__What you have to do__. Skip every image and restate the data word for word.

__Data__.
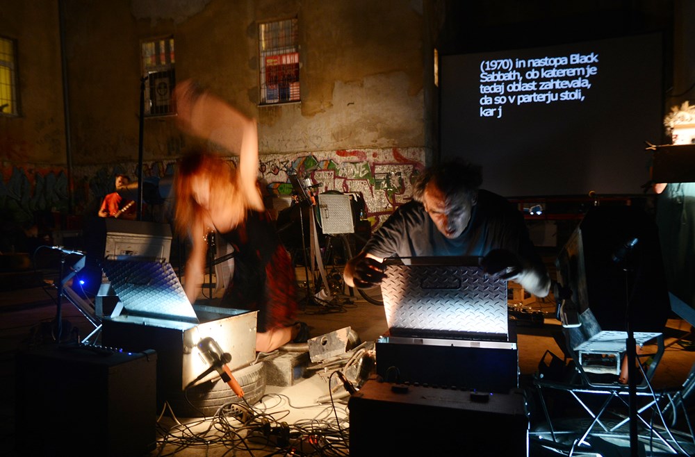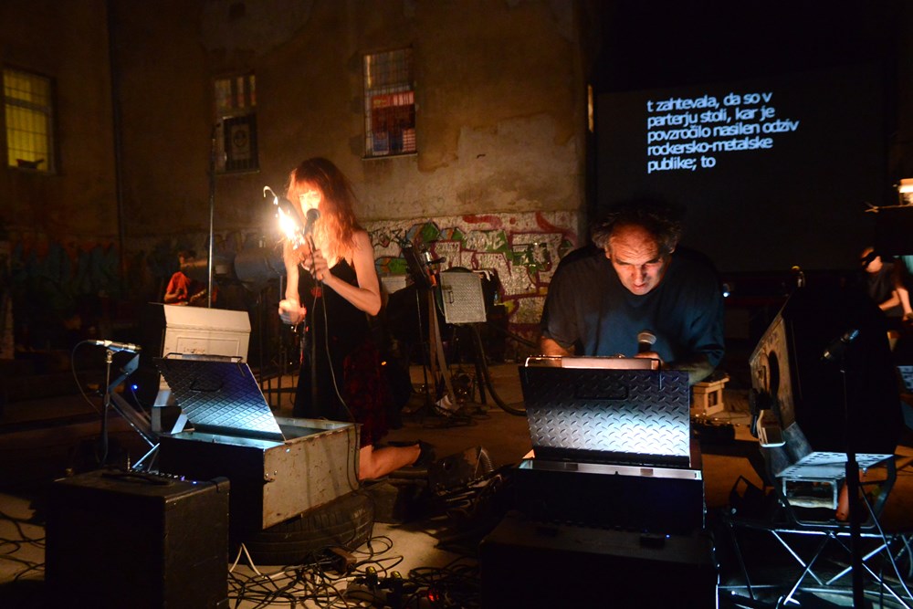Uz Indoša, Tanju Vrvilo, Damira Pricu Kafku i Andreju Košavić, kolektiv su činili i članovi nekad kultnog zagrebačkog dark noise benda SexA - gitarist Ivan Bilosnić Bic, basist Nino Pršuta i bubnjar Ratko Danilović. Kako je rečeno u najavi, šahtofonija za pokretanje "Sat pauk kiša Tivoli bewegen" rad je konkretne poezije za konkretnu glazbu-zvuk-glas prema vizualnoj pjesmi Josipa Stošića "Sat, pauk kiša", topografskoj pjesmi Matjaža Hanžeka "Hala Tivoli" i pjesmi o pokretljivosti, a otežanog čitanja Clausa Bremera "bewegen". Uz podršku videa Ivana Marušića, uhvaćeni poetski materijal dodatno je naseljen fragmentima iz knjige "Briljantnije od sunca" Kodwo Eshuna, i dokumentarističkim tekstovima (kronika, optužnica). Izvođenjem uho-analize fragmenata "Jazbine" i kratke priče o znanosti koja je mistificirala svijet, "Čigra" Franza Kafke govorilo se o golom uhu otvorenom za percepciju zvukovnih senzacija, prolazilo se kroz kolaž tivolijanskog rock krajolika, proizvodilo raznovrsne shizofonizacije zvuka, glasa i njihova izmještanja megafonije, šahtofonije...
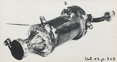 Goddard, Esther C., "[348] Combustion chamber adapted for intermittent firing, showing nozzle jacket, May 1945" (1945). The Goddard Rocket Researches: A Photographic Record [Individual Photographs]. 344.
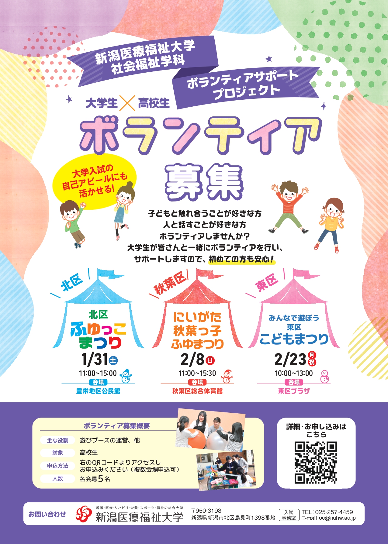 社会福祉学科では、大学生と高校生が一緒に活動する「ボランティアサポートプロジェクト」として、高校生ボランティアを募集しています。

__Output of the exercise__.
Uz Indoša, Tanju Vrvilo, Damira Pricu Kafku i Andreju Košavić, kolektiv su činili i članovi nekad kultnog zagrebačkog dark noise benda SexA - gitarist Ivan Bilosnić Bic, basist Nino Pršuta i bubnjar Ratko Danilović. Kako je rečeno u najavi, šahtofonija za pokretanje "Sat pauk kiša Tivoli bewegen" rad je konkretne poezije za konkretnu glazbu-zvuk-glas prema vizualnoj pjesmi Josipa Stošića "Sat, pauk kiša", topografskoj pjesmi Matjaža Hanžeka "Hala Tivoli" i pjesmi o pokretljivosti, a otežanog čitanja Clausa Bremera "bewegen". Uz podršku videa Ivana Marušića, uhvaćeni poetski materijal dodatno je naseljen fragmentima iz knjige "Briljantnije od sunca" Kodwo Eshuna, i dokumentarističkim tekstovima (kronika, optužnica). Izvođenjem uho-analize fragmenata "Jazbine" i kratke priče o znanosti koja je mistificirala svijet, "Čigra" Franza Kafke govorilo se o golom uhu otvorenom za percepciju zvukovnih senzacija, prolazilo se kroz kolaž tivolijanskog rock krajolika, proizvodilo raznovrsne shizofonizacije zvuka, glasa i njihova izmještanja megafonije, šahtofonije...
 Goddard, Esther C., "[348] Combustion chamber adapted for intermittent firing, showing nozzle jacket, May 1945" (1945). The Goddard Rocket Researches: A Photographic Record [Individual Photographs]. 344.
 社会福祉学科では、大学生と高校生が一緒に活動する「ボランティアサポートプロジェクト」として、高校生ボランティアを募集しています。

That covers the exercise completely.